Francis Grose's 1811 Dictionary of the Vulgar Tongue defines cold iron as "A sword, or any other weapon for cutting or stabbing."

Ashtagon
2016-04-20, 01:41 AM
Not Francis Grose's sentence. The sentence in your post that says

You know, there's only so many ways you can say a sentence with that specific meaning, especially considering both myself and (presumably) wikipedia were aiming for a fairly formal register. It's coincidence that I picked the exact same wording as in wikipedia, that's all. The fact that I do every now and then edit and/or create new content for wikipedia makes it even less surprising that my normal writing style is identical to wikipedia.

Kami2awa
2016-04-20, 02:05 AM
Iron in general is regarded as repelling evil spirits, especially fairies, in Europe. Why this is is not clear - it is suggested that iron is a symbol of civilisation and power, and also has been associated with blood for the LONG time (and blood has all manner of mystical associations). Its magnetic properties (which again have been known since at least ancient Greece, via naturally occurring magnetic minerals) may be another reason.

There is precedent for iron equipped with a sharp edge as a further protective charm, however. In particular, in England iron knives were placed under doorsteps and babies' cradles to keep away witches and other evil things.

Like most folklore, the ideas will vary from country to country, time to time and even village to village.

5ColouredWalker
2016-04-20, 05:02 AM
There is precedent for iron equipped with a sharp edge as a further protective charm, however. In particular, in England iron knives were placed under doorsteps and babies' cradles to keep away witches and other evil things.

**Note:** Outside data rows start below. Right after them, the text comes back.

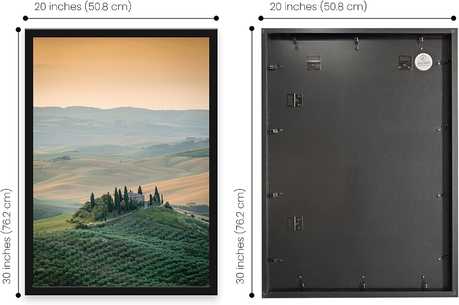 With the 20x30" frame, you can effortlessly create a sophisticated and visually appealing display that captures attention and adds a touch of artistry to your interior spaces. Whether hung on the wall or placed on a tabletop, this frame will elevate the aesthetic appeal of any room while preserving your memories with style and elegance.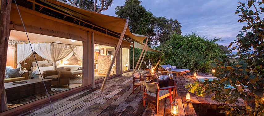 This opulent tented camp offers direct access to river activities, including fishing, canoeing and sunset boat cruises, but also to the surrounding forested terrain.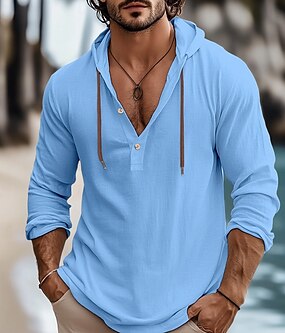 Муж. Рубашка льняная рубашка Летняя рубашка Одежда для пляжа Полотняное плетение Отпуск Кьюриз Белый Синий Коричневый Зеленый Длинный рукав Капюшон Весна лето Одежда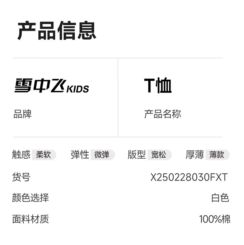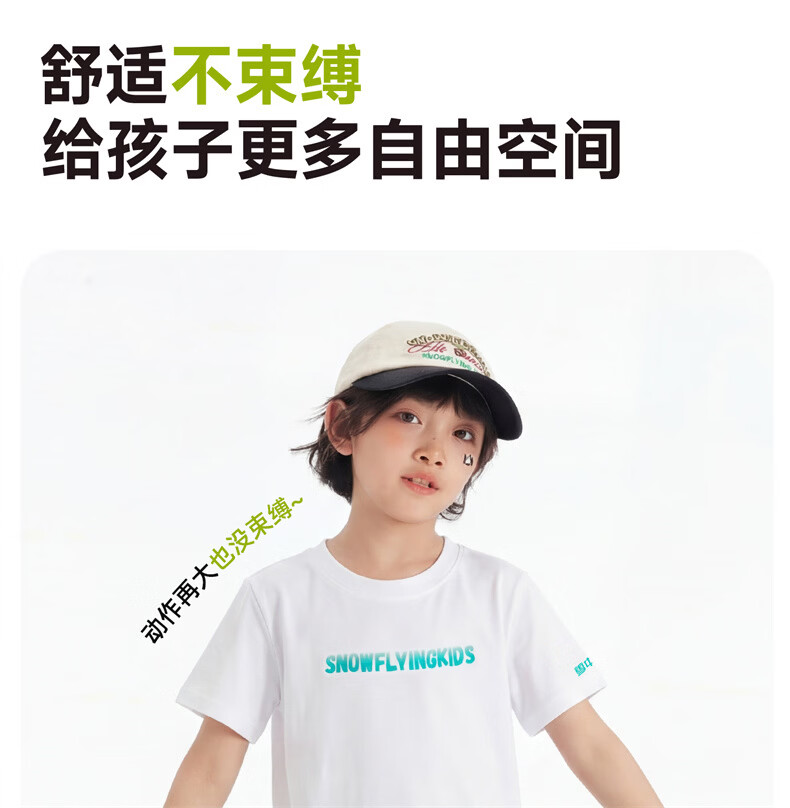 雪中飞童装女童T恤短袖纯棉儿童夏装上衣2026新款男童白色短袖T恤 白色 160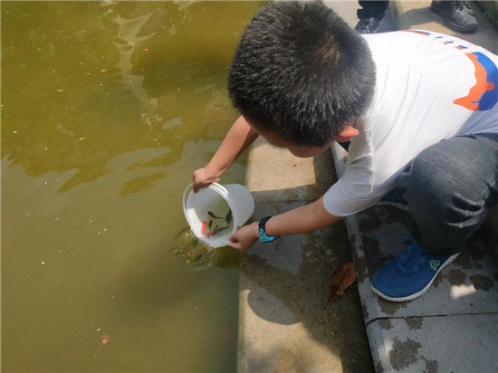 此次活動,共有50多個(gè)家庭參與,放養(yǎng)魚苗2000余尾,發(fā)放糖果120多顆。在歡聲笑語中,培養(yǎng)和喚醒了孩子們的衛(wèi)生、環(huán)保意識;教育和規(guī)范了孩子們和家長的良好生活習(xí)慣;提倡和引導(dǎo)了健康、衛(wèi)生、環(huán)保生活理念,形成人人自覺維護(hù)環(huán)境衛(wèi)生,人人參與衛(wèi)生創(chuàng)建的良好氛圍。
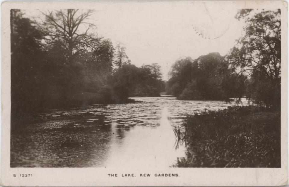 Postcard of October 20, 1917, front view, captioned "THE LAKE, KEW GARDENS."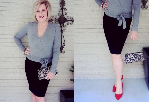 Серый скучный? Нет, конечно, если в образ добавить яркие оттенки: помада, сумочка и туфли. И фигура в данном случае не стандартна, но это не делает образ менее эффектным.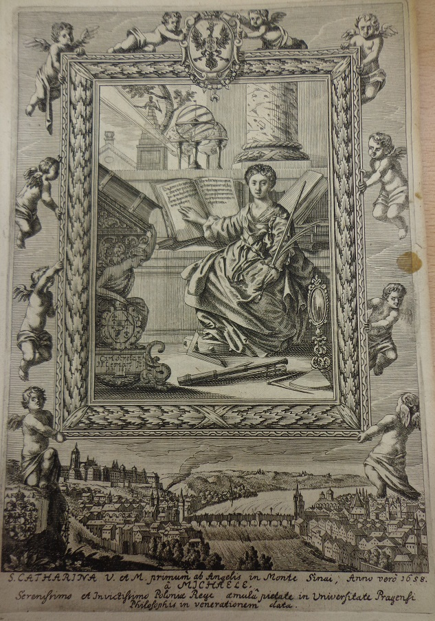 W 1656 roku młody książę został wysłany na studia do Pragi dzięki protekcji królowej Ludwiki Marii oraz wuja, Jana „Sobiepana” Zamoyskiego. Opiekę nad nim miał sprawować preceptor Felicjan Wąsowicz herbu Łabędź. Pobyt księcia na Uniwersytecie w Pradze trwał do początków 1660 roku, kiedy to z powodu zbyt dużych kosztów utrzymania, na polecenie królowej, został sprowadzony do kraju. Warto wspomnieć o niezwykłym darze, jaki młody książę sprezentował władzom uczelni w 1658 roku, a który po dziś dzień uważany jest za najcenniejsze dzieło sztuki posiadane przez Uniwersytet Karola. Jest to słynny czeski obraz świętej Katarzyny Aleksandryjskiej (olej na płótnie, wym.: 233 x 143,5 cm) – patronki wydziału filozoficznego. Przedstawiono na nim św. Katarzynę Aleksandryjską jako młodą księżniczkę siedzącą na podwyższeniu, z atrybutami patronki nauki (teleskop, kwadrant, cyrkiel, zwierciadło) i odwołaniami do jej męczeńskiej śmierci (katowskie koło do łamania). Święta w lewej ręce trzyma miecz i gałązkę palmową, prawa jej ręka spoczywa na otwartej księdze z łacińskim tekstem listu św. Pawła do Rzymian (Rz. 1, 19-22). Za nią na niskim murze znajdują się: sfera armilarna, ziemski i niebiański globus oraz figura kobiety na podwyższeniu tworzącym stopnie piramidy. Obraz ten, namalowany przez wybitnego przedstawiciela czeskiego malarstwa barokowego Karela Škrétę (1610-1674), wymieniany był w inwentarzu uniwersyteckim z 1673 roku (in aula magna Carolinae sunt dua imagines, una S. Joannis, altera S. Catharinae, manu domini Screta picta). Dzieło Škréty, jak podaje inwentarz, zdobiło wielką aulę Karolinum i dodawało splendoru zacnym murom tej uczelni.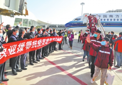 “英雄,英雄,你們最棒!”“白衣天使,歡迎回家!”3月19日16點(diǎn)左右,鄭州國際機(jī)場269停機(jī)坪響起熱烈的歡迎聲音,支援湖北的鄭州大學(xué)第一附屬醫(yī)院國家緊急醫(yī)學(xué)救援隊(duì)隊(duì)員和鄭州市直醫(yī)院的醫(yī)療隊(duì)隊(duì)員一起乘坐南航包機(jī)平安到家了。在接下來的一個(gè)小時(shí)里,又有兩架搭載支援湖北醫(yī)療隊(duì)隊(duì)員的南航包機(jī)相繼降落。至此,當(dāng)天共有453名河南抗疫勇士從武漢返家。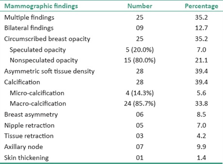 Results: Study population comprised seventy-one patients aged 20 to 79 years with a mean age of 48.3 years ±9.5, and range of 20 - 70 years. Of these, forty (56.3%) presented with breast pain, twenty-five (35.2%) had palpable breast lump, while fourteen (19.7%) presented with nipple discharge. 74.65% percent of participants showed positive mammographic findings. These were a well circumscribed breast opacity (35.2%), asymmetric soft tissue density (39.4%), calcification (39.4%), breast asymmetry (8.5%), nipple retraction (7.0%), tissue retraction (4.2%), skin thickening (1.4%), and axillary nodes (9.9%). Mammography calcifications were noted in 28 cases. Four of these (14.3%) were micro-calcification, while 24 (85.7%) were various forms of macro-calcifications.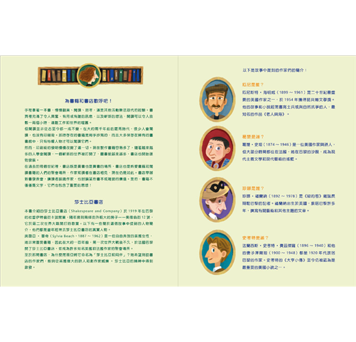 是的,書籍不僅僅是文字,它們也包含了重要的思想。同樣的,書店不僅是書的流通場所,也承載了自由和美好的夢想!書末附有資料性的文字,介紹了「莎士比亞書店」的時空背景,以及書中登場的文學家和藝術家。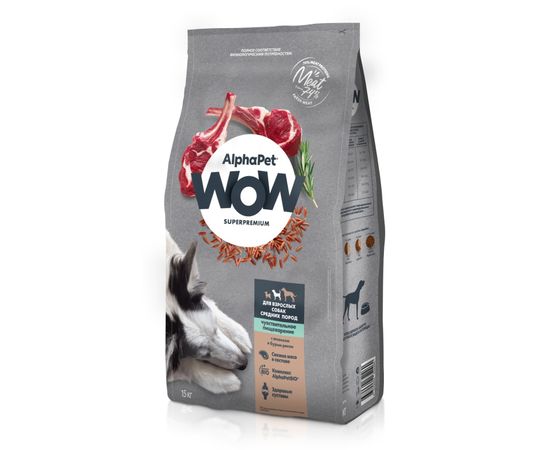 AlphaPet WOW 15кг с ягненком и бурым рисом сухой для взрос собак средних пород с чувст пищев, 652260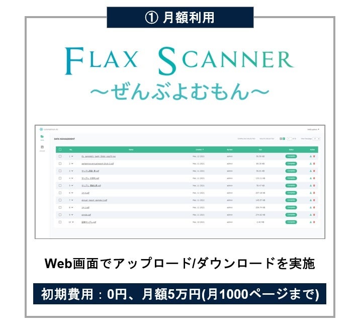 【月 額】 5万円(税別)※月1000ページ(1,000画像)まで。

It might just be me, but that sounds like they're making a sacrificial implement available in case the witch forgot their own...
Or they can't be bothered making caltrops, take your pick.

RazorChain
2016-04-22, 09:36 PM
I'm running a game in Mythic Europe and as close to the term of cold iron means wrought iron in contrast to steel. So the PC's arm themselves with iron weapons when facing faeries.

Of course wrought iron isn't as strong as steel...but it works well.